"Shinzo Abe was transported to [the hospital] at 12:20 p.m. (0320 GMT) He was in a state of cardiac arrest upon arrival. Resuscitation was administered. However, unfortunately, he died at 5:03 p.m.," Hidetada Fukushima, a doctor at the Nara Medical University Hospital, said.
Police said a 41-year-old man had been arrested. Local media reported the suspect had served in the navy and left Japan's Self-Defense Force in 2005. According to public broadcaster NHK, the suspect confessed to police that he was unhappy with Abe and intended to kill him.
The attack has shocked a nation with some of the world's strictest gun control laws. Police said that the shooter used a homemade gun.
Journalist Sonja Blaschke in Tokyo told DW that lots of people have "condemned the violence as the country is not used to events like this... The question is how the attacker could get past security."

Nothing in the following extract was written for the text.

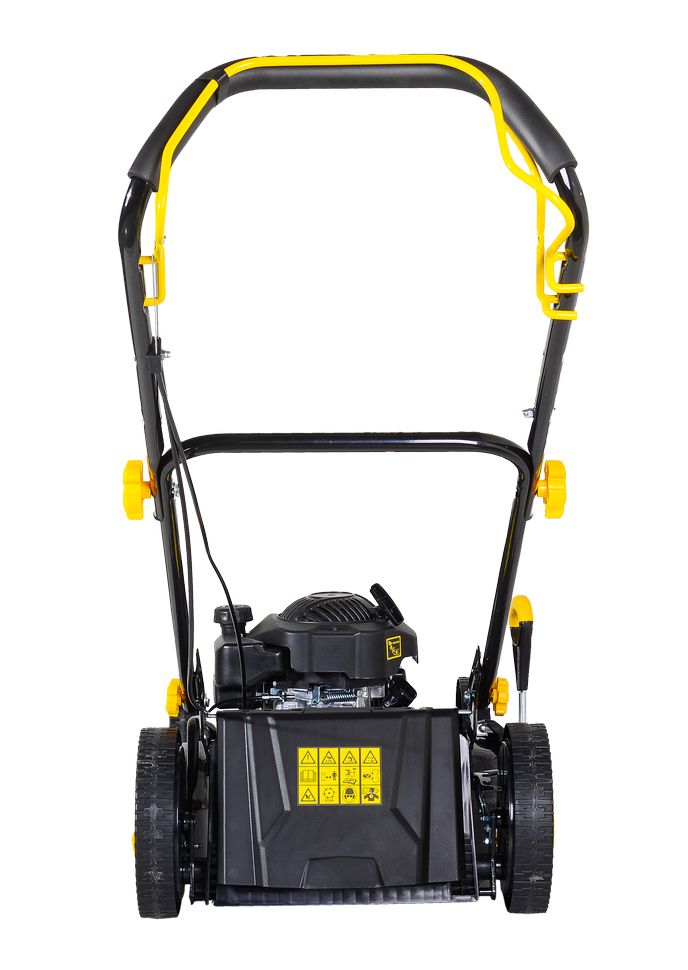 Газонокосилка бензиновая HUTER GLM-6.0S используется для стрижки газонов площадью до 1000 кв.м. Агрегат оснащен четырехтактным одноцилиндровым двигателем мощностью 6.0 л.с. В качестве топлива рекомендуется использовать бензин АИ-92, так бензокосилка прослужит долго. Благодаря ручке регулирования высоты среза, расположенной у заднего правого колеса газонокосилки, можно оперативно регулировать высоту среза в семи положениях от 25 до 75 мм.

What we know about the shooting of Shinzo Abe
An NHK reporter on the scene said they could hear two consecutive bangs during Abe's speech. Media reports said Abe was shot from behind and hit in the neck and chest area.
Abe, 67, collapsed and was bleeding from the neck, a source from his ruling Liberal Democratic Party (LDP) said.

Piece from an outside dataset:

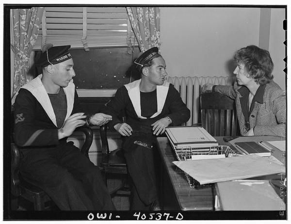 Washington, D.C. Two French sailors who missed their train explain their plight to a French-speaking volunteer at the United Nations service center and are set on the right course

NHK footage showed Abe collapsed on the street, surrounded by several security guards. He was holding his chest with his shirt smeared with blood.

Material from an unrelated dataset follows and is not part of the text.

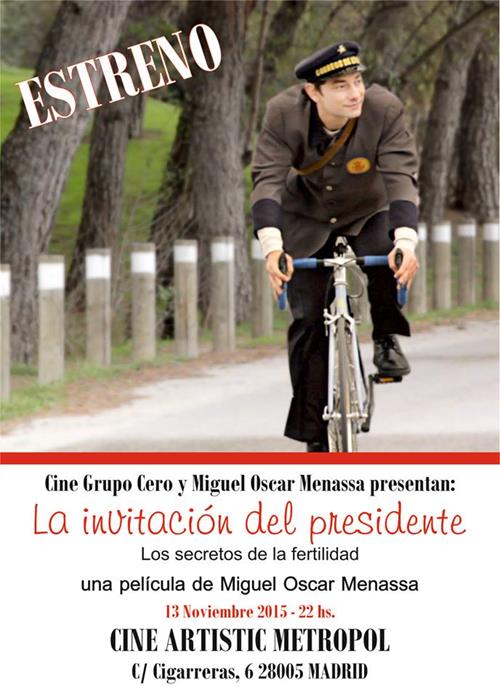 Madrid. 13 de Noviembre de 2015- El Cine Artistic Metropol se ha convertido en el escenario del estreno en Madrid de “La invitación del presidente” el nuevo largometraje de Miguel Oscar Menassa. A la cita acudieron artistas e invitados en un ambiente de júbilo provocado no solo por la premier de la película sino por la noticia de que el nuevo largometraje de Producciones Cinematográficas Grupo Cero y de Miguel Oscar Menassa ha sido elegido para participar en los Premios Goya 2016 con presencia en 19 candidaturas, entre las que se encuentran las de Miguel Oscar Menassa a mejor película, mejor dirección, mejor guión y mejor actor, Alejandra Menassa a mejor actriz protagonista, Virginia Valdominos a mejor actriz revelación y Manuel Menassa, a mejor director de fotografía.

"He was giving a speech and a man came from behind," a woman at the scene told NHK.
"The first shot sounded like a toy. He didn't fall and there was a large bang. The second shot was more visible, you could see the spark and smoke," she added.
The Nara Medical University Hospital said that Abe arrived at the hospital already showing no vital signs. They said he had bullet wounds to the neck and chest and that he died from blood loss, despite attempts by doctors to administer large quantities of blood transfusions.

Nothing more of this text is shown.